Your bike usually gets stripped once I've sold it on, the value in parts takes longer to earn but is usually higher than selling the whole thing on. Some of my friends have friends abroad that will take complete bikes by the truckload, I'm not interested in getting tied up with that stuff, I'm happy to make my money and keep things as they are.

ShowBizWolf

Whoooo that made my eyes hurt but I got through it...

Thought provoking!!  That's for sure... I often think that nobody would ever swipe the GS when they could go for a bigger/faster/fancier bike but I guess a thief is a thief and some of them will take whatever they can for all kinds of reasons.

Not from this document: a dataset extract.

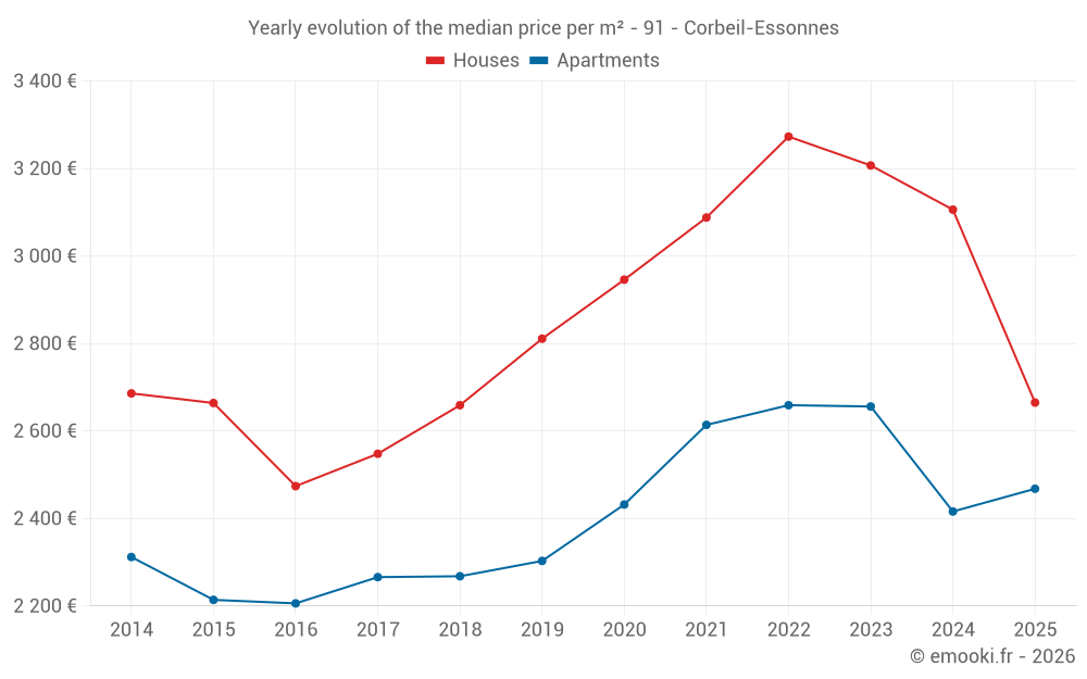 The median price on the 34 house transactions of the last 6 months in the municipality of Corbeil-Essonnes was 2 665 € per square meter for a median property value of 268 175 €. Over this period, 60% of transactions were between 2 015 and 3 337 € per square meter (from the 2nd to the 8th deciles).

The part about breaking the steering lock...  :icon_eek:  :cry:  Smh at people who steal  :dunno_white:
Superbike bars, '04 GSXR headlight & cowl, DRZ signals, 1/2" fork brace, 'Busa fender, stainless exhaust & brake lines, belly pan, LED dash & brake bulbs, 140/80 rear hoop, F tail lens, SV650 shock, Bandit400 hugger, aluminum heel guards & pegs, fork preload adjusters, .75 SonicSprings, heated grips

metatron

Ye we are having a huge issue here with bikes being stolen lately. Mostly litre bikes but everything seems to be fair game :(.